Table 3. California Infection Data Grouped by Region
Region Total Population Total Infections Infection Rate Total Severe Infections Severe Infection Rate
Central California 4432134 804517 18.15 19897 4.49
Greater Sierra Sacramento 2973210 460390 15.48 13134 4.42
Southern California 12802429 1503964 11.75 41650 3.25
Rural North 683715 72896 10.66 2559 3.74
Bay Area 8391874 821660 9.79 24577 2.93
Los Angeles 9825708 886156 9.02 25109 2.56
Infection Rate is per 100 people. Severe Infection Rate is per 1000 people.

California infection rates and severe infection rates in 2023 varied by region. Central California had the highest infection rates and severe infection rates, followed by the Greater Sierra Sacramento region.

Racial & Ethnic Comparison

Table 4. California Infection Data Grouped by Race/Ethnicity
Race/Ethnicity Total Population Total Infections Infection Rate Total Severe Infections Severe Infection Rate
American Indian or Alaska Native, Non-Hispanic 158672 22195 13.99 671 4.23
White, Non-Hispanic 13848282 1778774 12.84 63448 4.58
Black, Non-Hispanic 2211518 271836 12.29 7118 3.22
Hispanic (any race) 14829946 1796696 12.12 36484 2.46
Native Hawaiian or Pacific Islander, Non-Hispanic 153729 16921 11.01 410 2.67
Asian, Non-Hispanic 6295420 546770 8.69 16568 2.63
Multiracial (two or more of above races), Non-Hispanic 1611503 116391 7.22 2227 1.38
Infection Rate is per 100 people. Severe Infection Rate is per 1000 people.

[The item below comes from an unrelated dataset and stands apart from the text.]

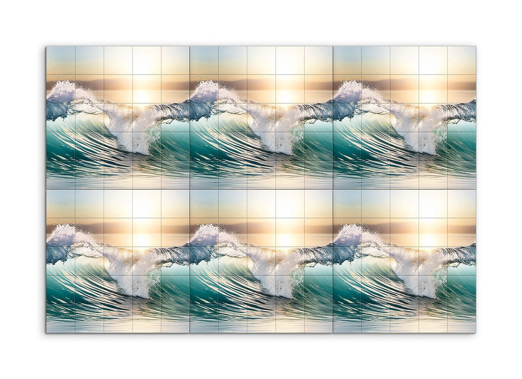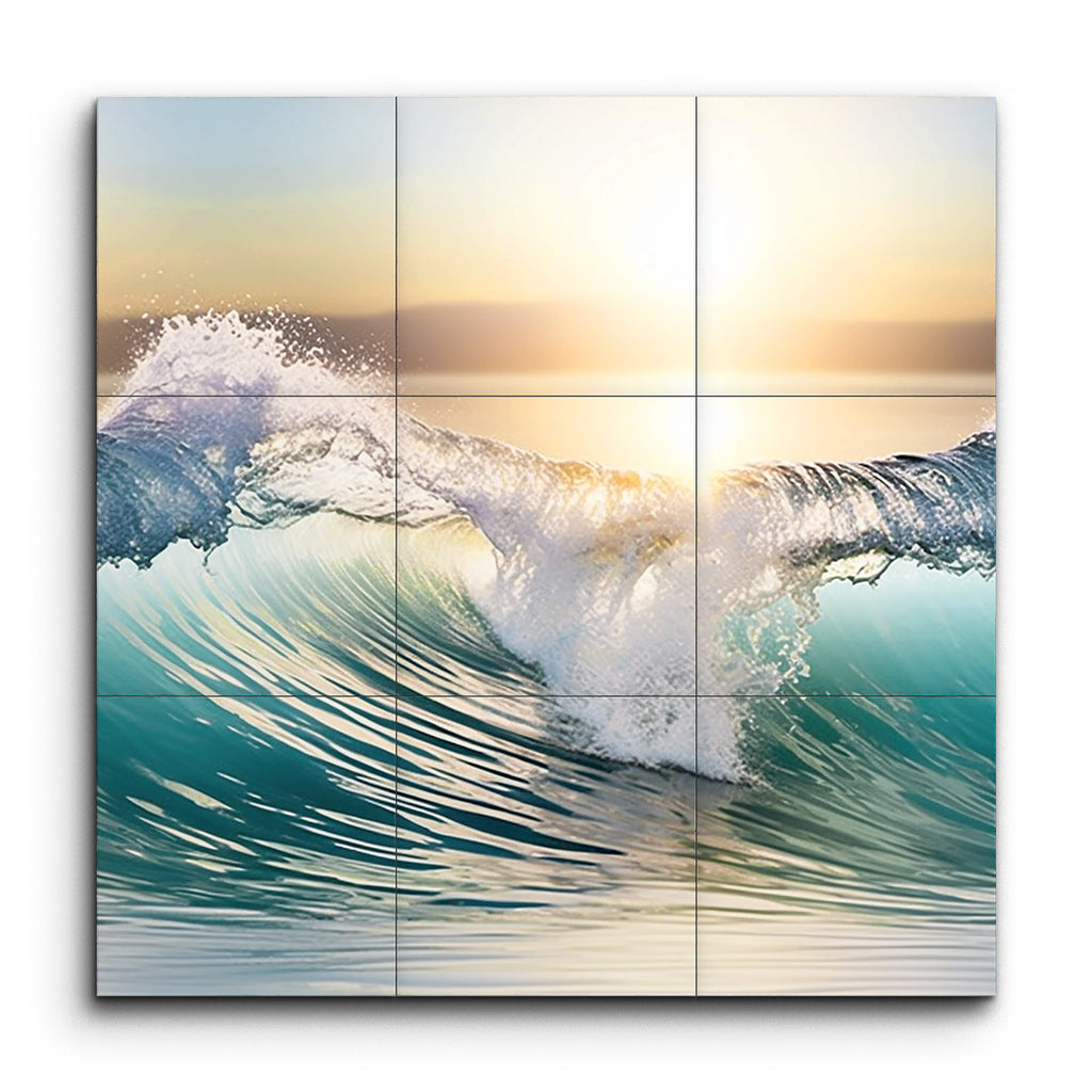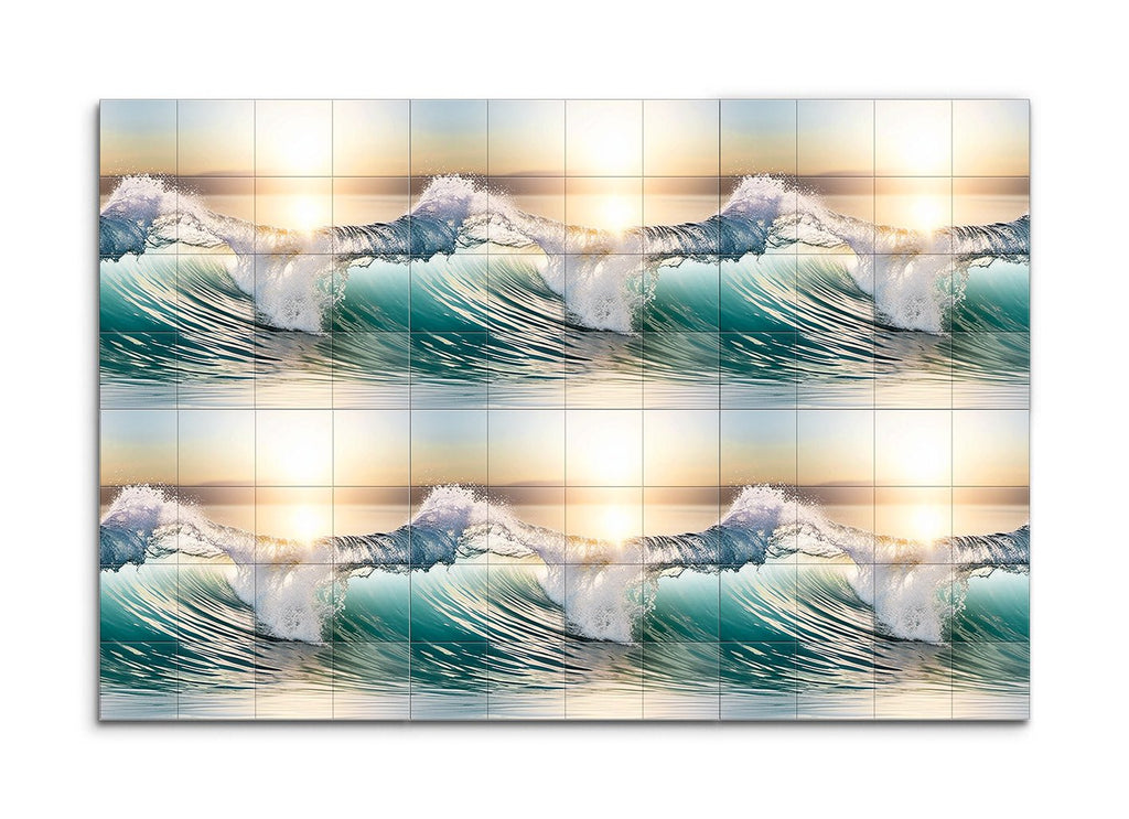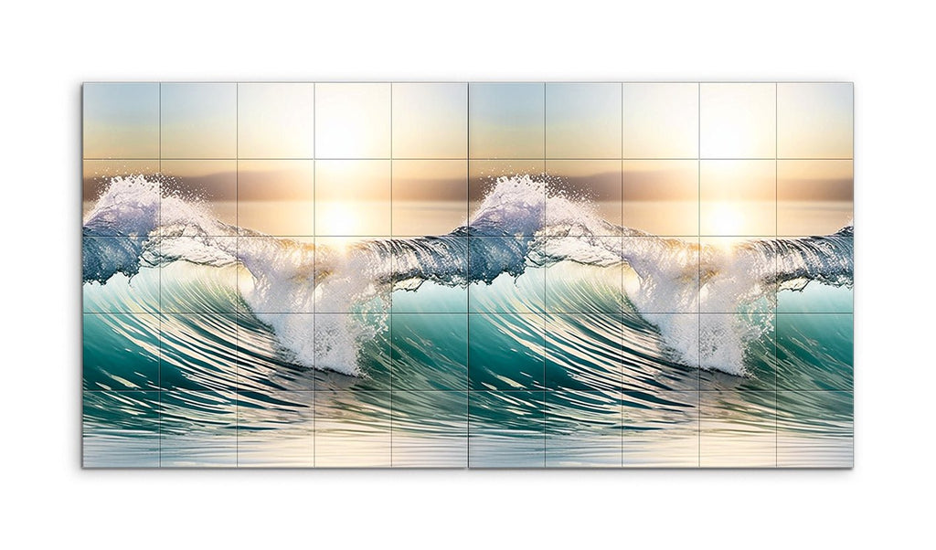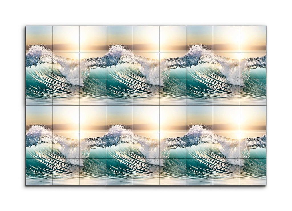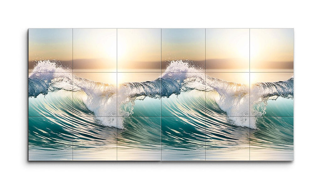 Immerse yourself in the captivating beauty of our tile mural, featuring a stunning seascape that captures a dynamic wave in mid-motion. The wave's intricate details and frothy crest contrast beautifully with the deeper turquoise hues, while sunlight filters through, casting a golden glow on the water. The softly blurred horizon with a rising or setting sun adds warm, radiant tones to the sky, blending cool blues with warm yellows and oranges. This photorealistic artwork evokes tranquility and natural beauty, making you feel as if you are witnessing the ocean's true essence firsthand.

The bar chart and Table 4 show 2023 infection rates per 100 people across racial & ethnic groups in California. Rates vary by group, with American Indian or Alaska Native (Non-Hispanics) showing the highest infection rate in this dataset, followed by White (Non-Hispanic). Hispanic (any race) and Black (Non-Hispanic) groups also have relatively high infection rates, while Asian (Non-Hispanic) and Multiracial (Non-Hispanic) groups show lower infection rates. While the figure is descriptive and highlights differences across groups, it does not explain these differences.

Course of Pandemic

This figure shows weekly trends in severe infection rates by race & ethnicity in California during 2023. Across all race & ethnicity groups, the rate of severe infection increased from May to October, and the rate decreased from October to December. Consistent with the previous visualizations, there are significant variations across race & ethnicity groups, with White (Non-Hispanic) and American Indian or Alaska Native (Non-Hispanic) having the highest severe infection rate over the study duration.

Discussion

By region, Central California and Greater Sierra Sacramento would require greater resource allocation. These regions have the two highest infection rates and severe infection rates, with the rates being similar to each other. Both regions’ infection rates and severe infection rates are greater than the mean and median infection rates and severe infection rates for the state. This suggests clear regional disparities that require attention. 

By race & ethnicity, American Indian or Alaska Native (Non-Hispanics) and White (Non-Hispanics) groups would require greater resource allocation. These racial groups have the two highest infection rates and severe infection rates that are greater than the mean and median infection rates and severe infection rates for the state. The time trend also suggests that these two racial & ethnic groups have consistently higher severe infection rates over time, which shows clear racial & ethnic disparities and a need for greater resource allocation.